The country’s induction furnace owners, who generally process heavy steel scrap, have reached out to the Steel Ministry seeking protection against rising Goods and Services Tax ( GST) notices ,and urged the government for a resolution of linked tax issues.

The owners, through their body, All India Induction Furnaces Association (AIIFA), said scrap being sold at local levels often do not have the necessary GST framework requirements or compliances for which input tax credit claims become difficult. On the other hand, due to non-availability of such detailing, larger players end up being penalised or face GST notices.

India, one of the largest emitters of green-house gases globally, is looking to bring down its emissions’ intensity by 45 per cent below 2005 levels by 2030 and is also looking to increase the share of non-fossil power capacity to 50 per cent (also by 2030). A parallel target is to achieve net-zero by 2070. As such, Indian steel industry is exploring scrap-based steel production to meet these environmental targets.

Complex supply chain

However, the problem which induction furnace owners face is with respect to sourcing of offerings and “complexity of the supply chains”.

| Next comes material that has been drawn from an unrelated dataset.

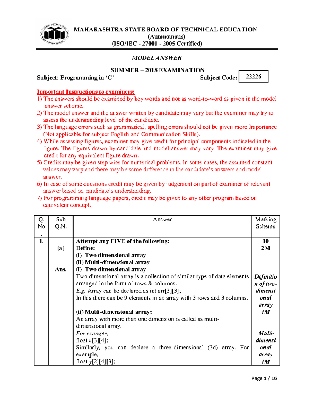22226 Model Answer Paper for Summer 2018 Programming in ‘C' Exam - Studocu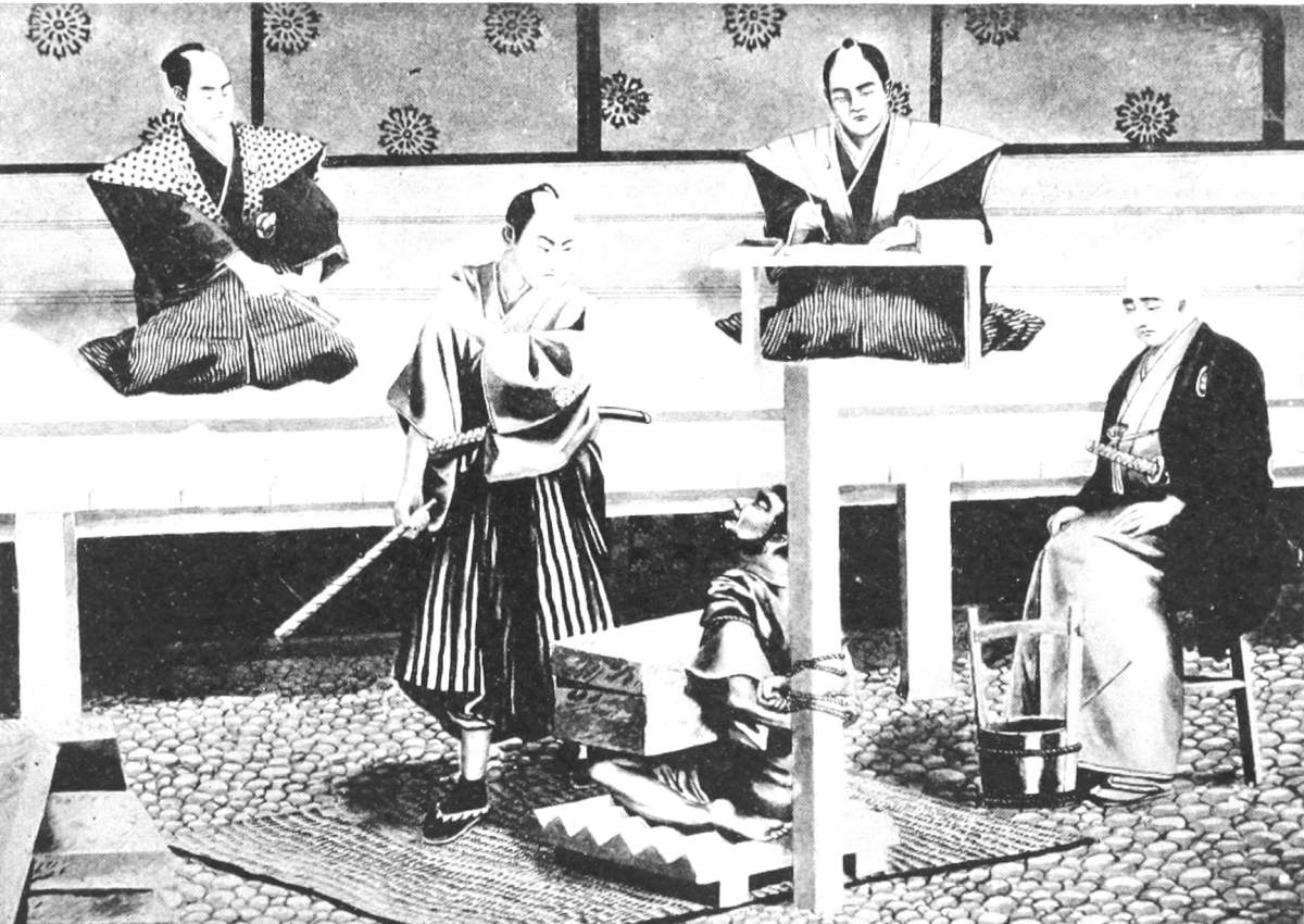 [131] The kamishimo is a state dress, composed of two garments (kami signifies what is above, and shimo what is below), a short cloak, without sleeves, called kataginu, and breeches, called hakama. Both are of a particular form (the breeches being like a petticoat sewed up between the legs), and of colored stuffs. They are used only on days of ceremony and at funerals.—Titsingh.

Furnace owners either use ‘old scrap’ generated from white goods and automobile discarded by households or industry; where as ‘new scrap’ refer to tailings generated from manufacturing processes. The old scrap of households is generally bought by smaller unregistered dealers, who in turn sell it to larger registered dealers, without levying any GST; whereas new scrap is bought both by both the unregistered and registered dealers.

Registered dealers must charge 18 per cent GST when they further sell to the steel-producing industry and pay the same to the government. And at all stages of purchase, GST is charged.

The problem arises when scrap is purchased from unregistered dealers trade continues in cash. In many cases, disclosures are not made properly at the sellers’ end – which the buyer is unable to determine at times- there is often a decline in input tax credit.

“It is impossible for buyer (to) ascertain or ensure full compliance from the seller’s end”, the association mentioned in its letter to the Ministry, reviewed by businessline.

The association has also pointed out that at times the detection of non-compliance at the sellers’ end is detect at a later date be “the input tax credit of the buyers are reversed in GST Ledger and it becomes the buyer’s responsibility to pay this GST with interest.”

“The buyer ….. being considered as an offender leading to cases and penalties being imposed on him,” the association mentioned. This has led to tax evasion running into a few hundred crore and also litigation piling up, they added.